Browser-only slot machine that derives real secp256k1 keypairs and checks them against 21,954 Patoshi-pattern addresses; odds are ~1 in 5.27×10⁷².
Key Takeaways
Full Bitcoin address derivation runs client-side: random 256-bit int → secp256k1 point → RIPEMD160(SHA256) → P2PKH, using Paul Miller’s audited @noble/secp256k1 and @noble/hashes.
Address set ships as a 135 KB Bloom filter (m=1,078,320 bits, k=30, p≈10⁻⁹) plus a 615 KB sorted (hash160, balance_sats) binary table; no API, no node connection.
Benchmark: ~2,490 spins/sec; 99% of cost is elliptic-curve point multiplication, not the Bloom check. Dataset could grow 100× with no runtime impact.
Dataset sourced from bensig/patoshi-addresses (Sergio Demian Lerner / Jameson Lopp): 21,954 addresses totalling 1,097,702.49 BTC including the genesis block.
Win UX includes WIF private key display, clipboard copy, confetti, and a ?devwin=1 flag for UI testing without a real hit.
Hacker News Comment Review
Commenters questioned whether a real win is actionable: the win modal shows the WIF key, but one user couldn’t locate the guessed key on the live site, raising a practical claim-ability concern.

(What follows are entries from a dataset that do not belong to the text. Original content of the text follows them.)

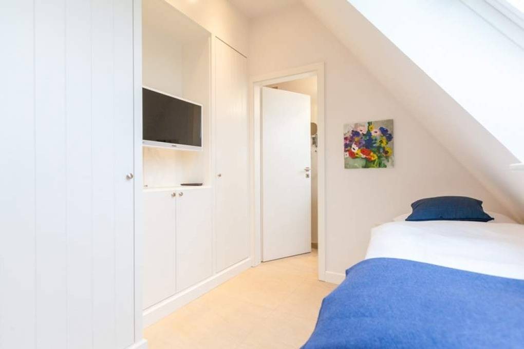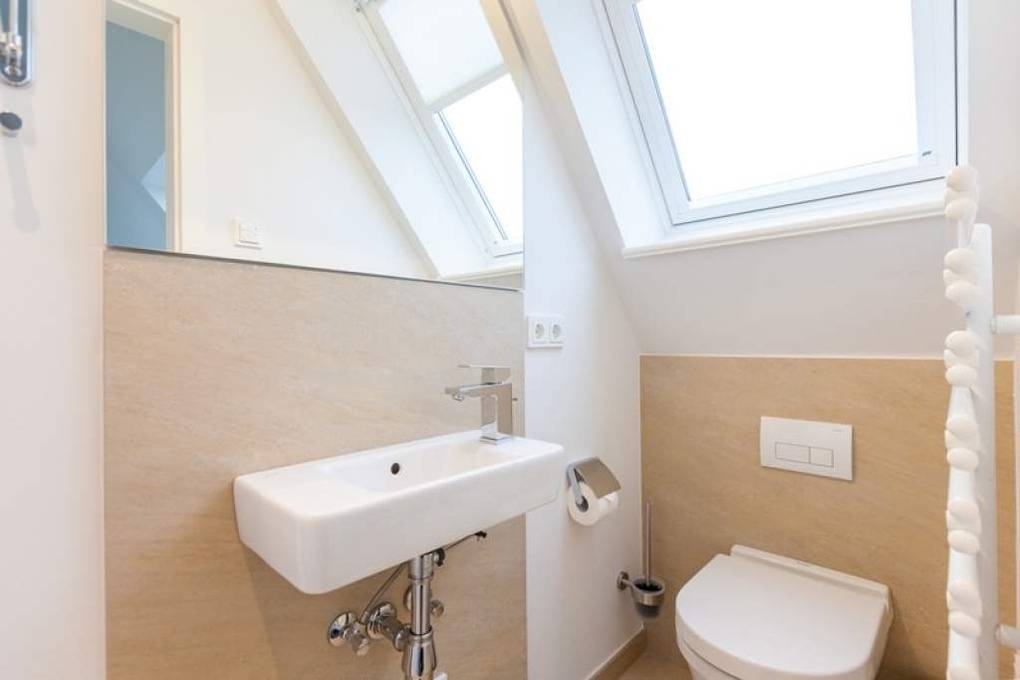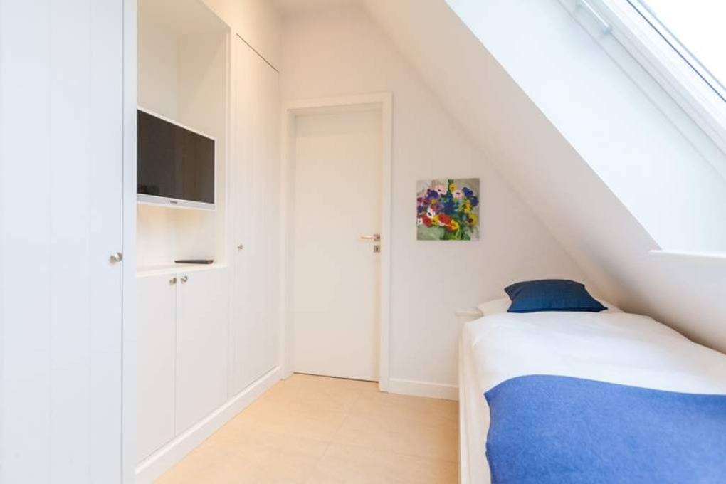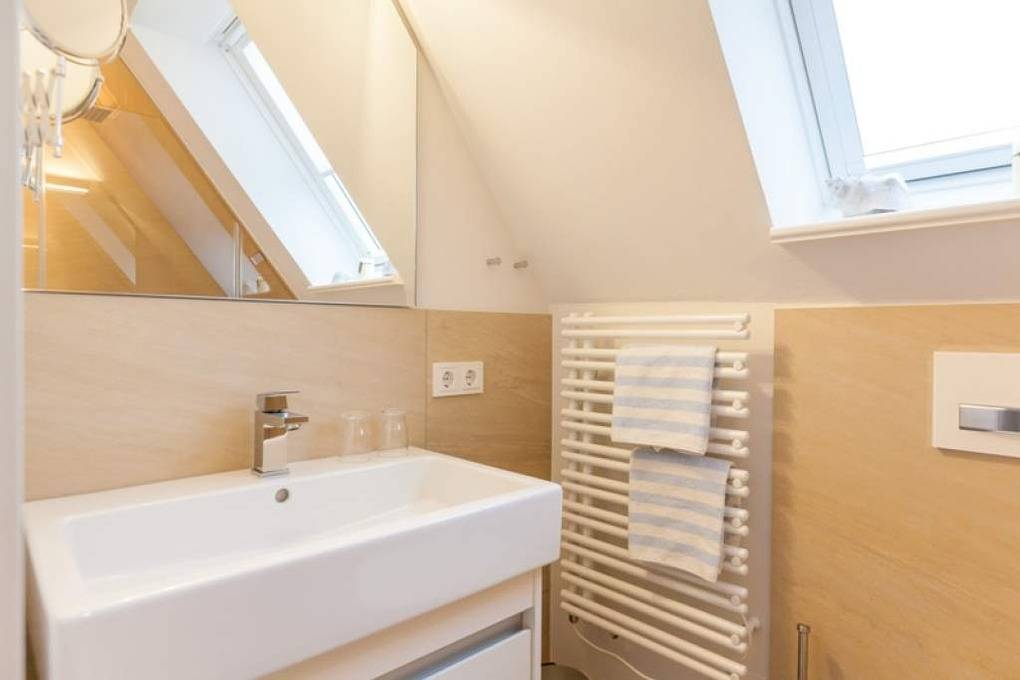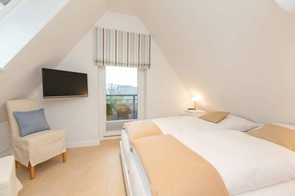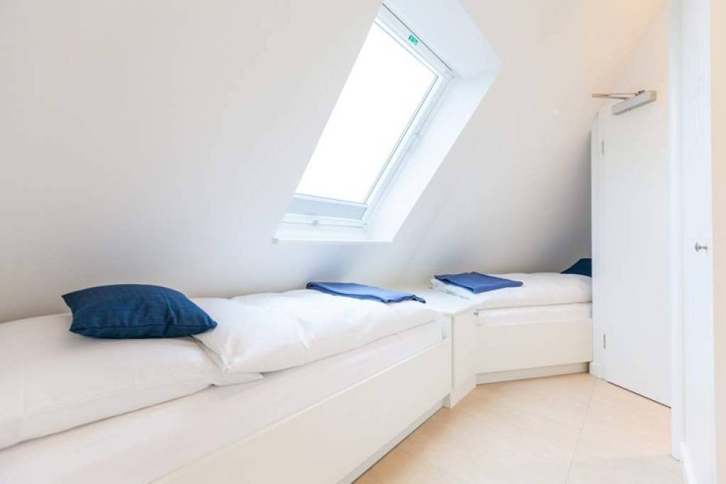 Ebenfalls im DG befindet sich ein Zweibett-Schlafzimmer mit Einzelbetten (je 0,90 x 2,00 m) und WC/Waschtisch „en Suite".
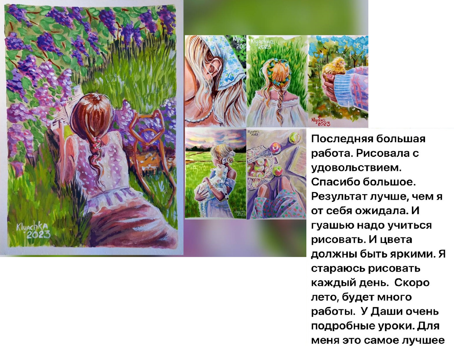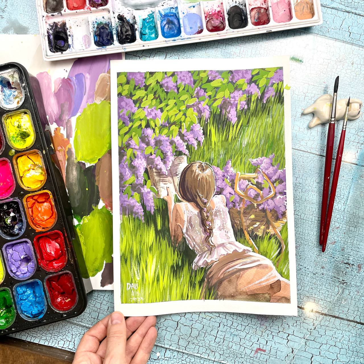 - закрепляем навык и рисуем сюжет с девушкой и сиренью
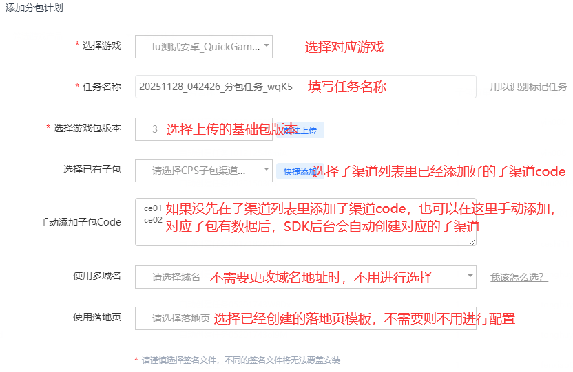 手动添加子包Code:如果还未创建此CPS渠道,可以手动添加后先进行分包,然后再去子渠道列表里进行创建,或者分出的CPS子包有数据后,SDK后台也会自动生成对应的子渠道(注:手动添加的渠道,分包完成后,渠道名默认和渠道CODE一致,如需修改渠道名,可以在游戏管理-子包管理-子包列表里进行修改)
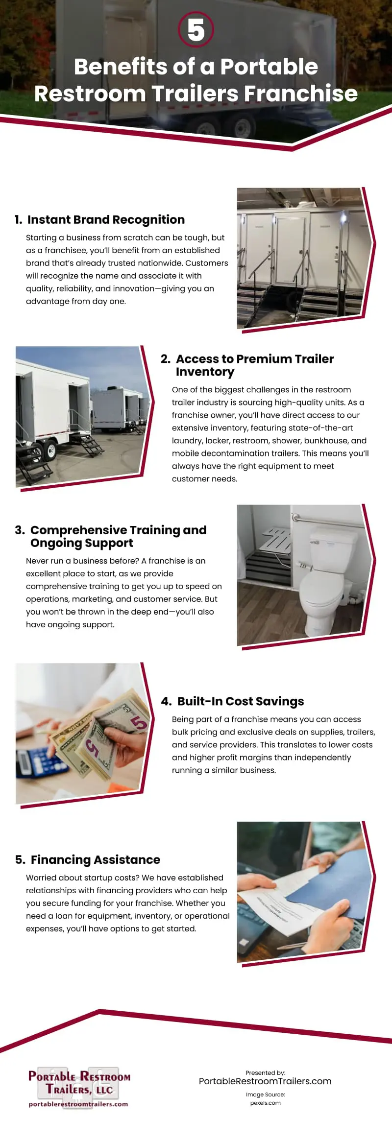 If you’ve ever dreamed of owning a business, setting your own schedule, and stepping into a high-demand industry, franchising with Portable Restroom Trailers offers a clear path to success. This opportunity gives you more than a business—it gives you a head start, with instant brand recognition that builds trust from day one. As a franchisee, you gain direct access to a premium inventory of state-of-the-art mobile units including restrooms, showers, laundry, and decontamination trailers, ensuring you can meet any client need. You don’t need prior business experience, either—comprehensive training and ongoing support will guide you every step of the way, from marketing to operations. As part of our network, you’ll benefit from built-in cost savings through bulk pricing and exclusive deals, increasing your profit potential. Plus, we’ll help you get started with financing assistance through our trusted lending partners, making it easier to fund your launch and early growth. Joining the Portable Restroom Trailers family is more than an investment—it’s a chance to take control of your future and grow in a booming industry.
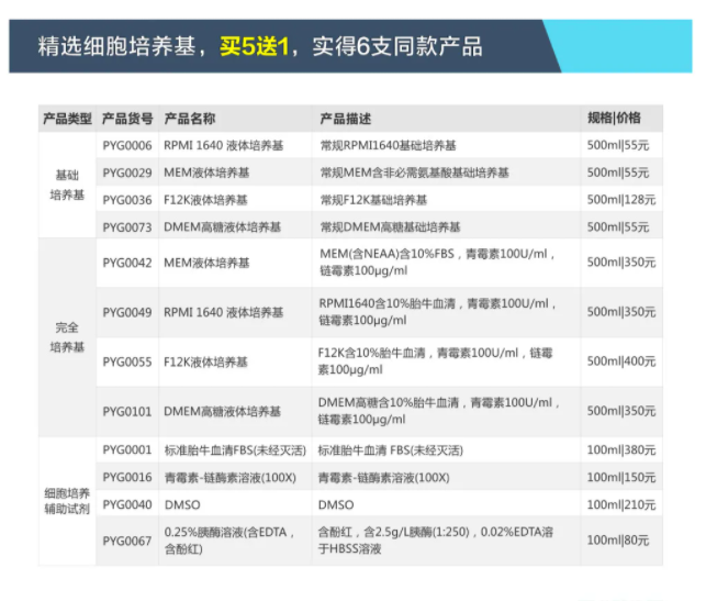 ? 精選細(xì)胞培養(yǎng)基,買5送1,實得6支同款產(chǎn)品。
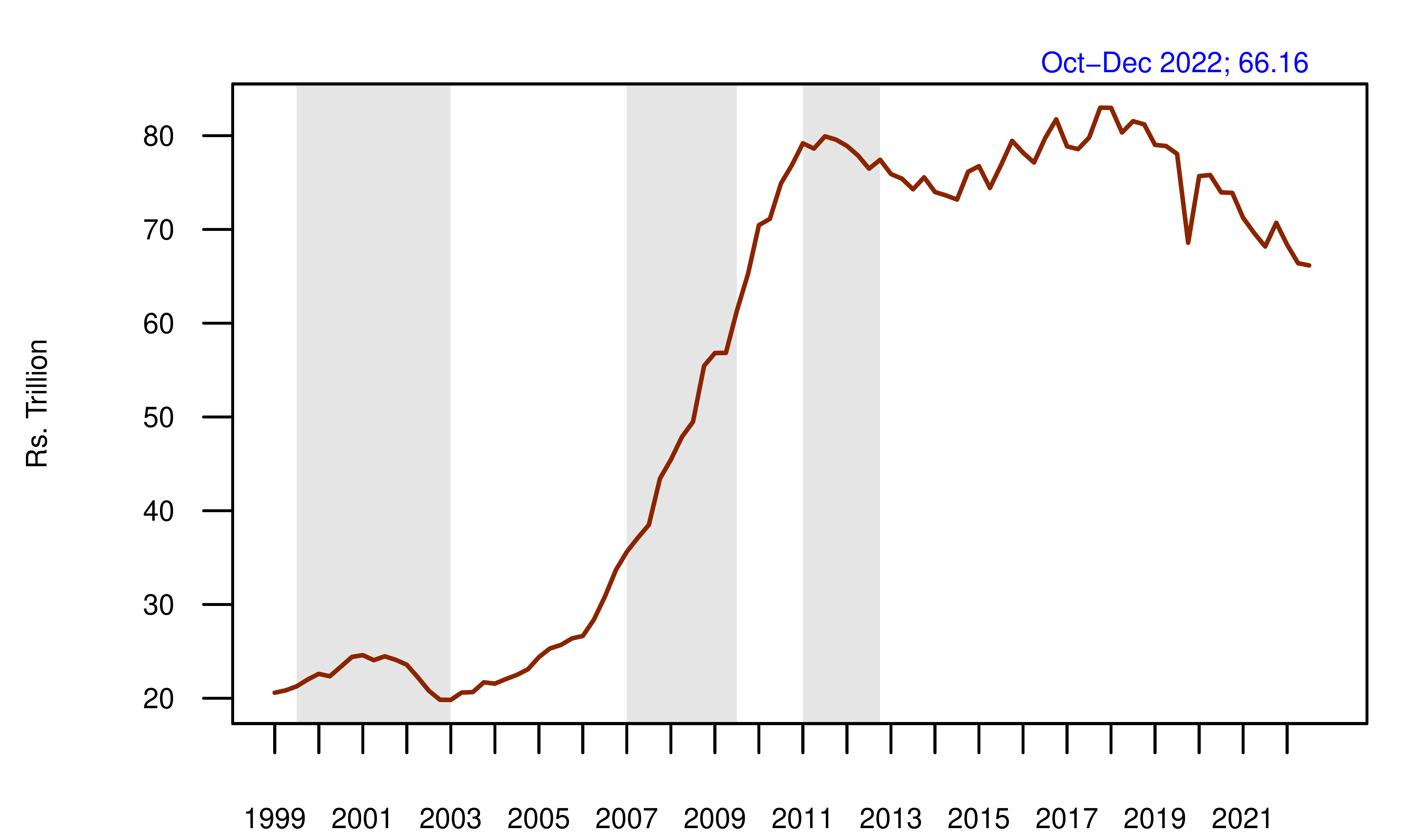 This graph shows a great surge in the period from 2003 to 2011 and a reduction by about Rs.14 trillion thereafter.
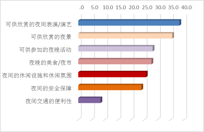 專項(xiàng)調(diào)查數(shù)據(jù)顯示,游客對(duì)景色、活動(dòng)、餐飲、休閑等夜游要素的訴求相對(duì)均衡,35.7%的受訪者人群關(guān)注可供欣賞的美景,夜晚活動(dòng)、休閑氛圍、安全保障、美食/夜市的訴求比重在23%-28%之間。如今愈發(fā)多元的夜間消費(fèi)場(chǎng)景為城市的夜晚注入了活力。游客希望在有限的時(shí)間內(nèi)體驗(yàn)更多活動(dòng),享受更多的服務(wù),夜游產(chǎn)品的豐富程度和品質(zhì)需求并重。
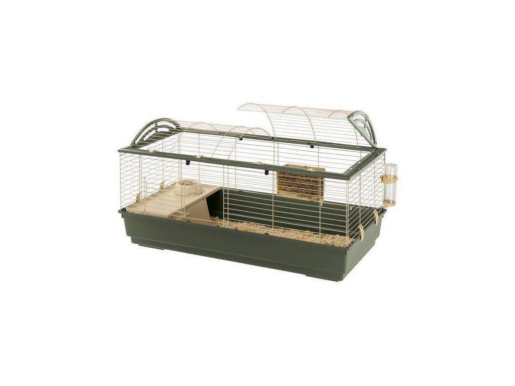 Je vybavena plastovým domečkem, napaječkou, miskou na krmení a jeslemi na seno.
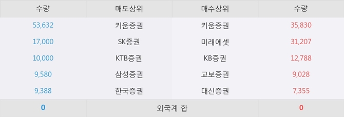 이 시각 주요 거래원은 미래에셋, 키움증권, KB증권 등이 매수 상위 창구에 자리하고 있다.
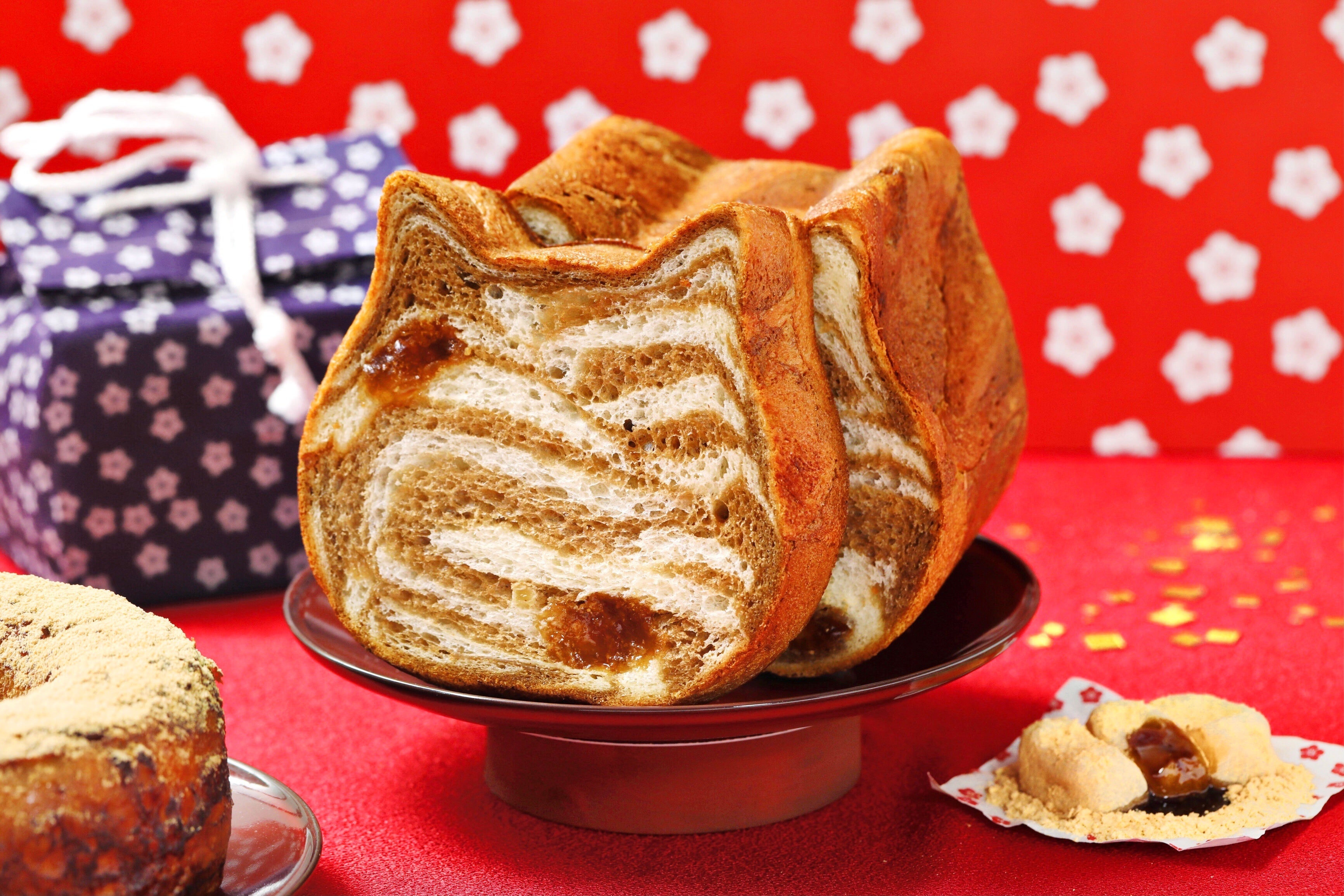 「ねこねこ」からも「桔梗信玄餅」とのコラボフレーバーが登場。過去に過去3万個※2を販売した人気商品『ねこねこ食パン 桔梗信玄餅』を公式オンラインストアにて再販売いたします。黒糖風味の生地とミルク100%の生地の食パンで、可愛らしい茶トラ柄に仕上げました。わらび餅のもちもちとした食感と、黒糖ときな粉の優しい甘みをお楽しみいただけます。
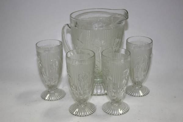 IRIS AND HERRINGBONE JUICE PITCHER W/GLASSES
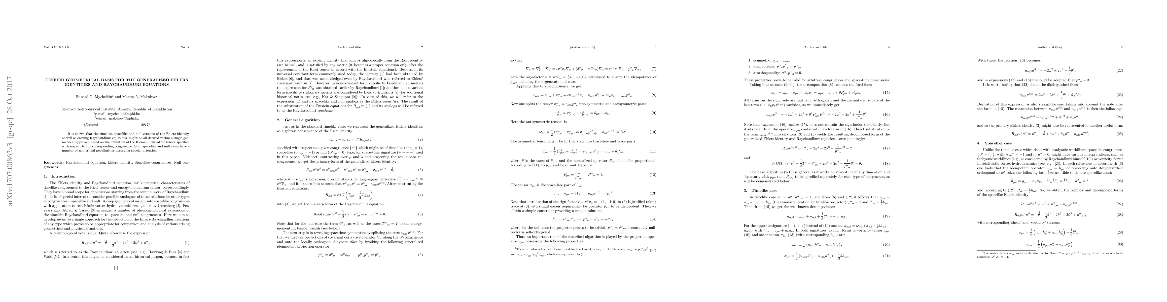 Research shows that the generalized Ehlers identities and Raychaudhuri equations can be derived from a single geometrical approach based on the Riemann curvature tensor, with some peculiarities noted in spacelike and null cases.
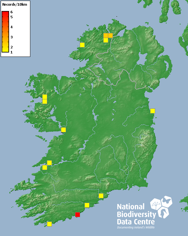 Distribution of the number of records recorded within each 10km grid square (ITM).Marine Map - 50km
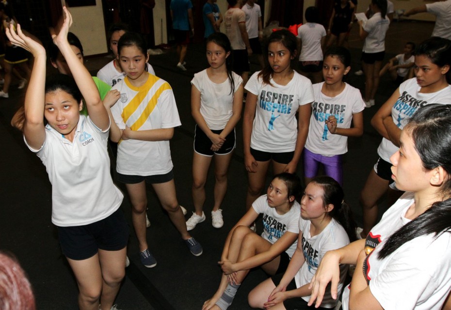 Coach Lim Cheng Choo (left) showing cheerleaders how to hold a flyer’s shoe during training.
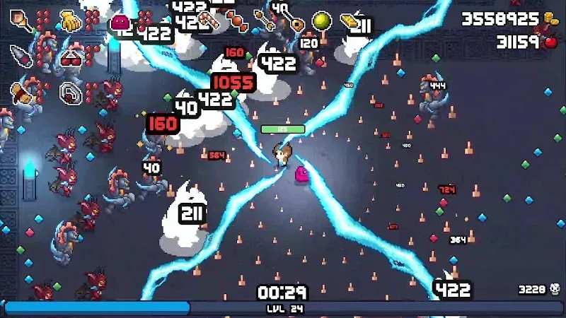 Friend of a Slime: Survivors offers fast-paced battles lasting just 10 minutes. Players simply need to defeat enemies, collect coins and fruit to increase their strength, unlock new weapons, and purchase powerful artifacts.

The sharper technical suggestion was to narrow the search space by reverse-engineering Satoshi’s PRNG parameters from early block timestamps rather than brute-forcing the full 2²⁵⁶ keyspace.
Gallows-humor consensus: if a win ever occurs and coins move, Bitcoin’s market value likely collapses before the winner cashes out.
Notable Comments
@int32_64: Argues a targeted attack on Satoshi’s original PRNG parameters would be far more tractable than uniform keyspace search.
@ex-aws-dude: Raises the question of whether the app silently phones home on a Bloom hit, given the financial stakes.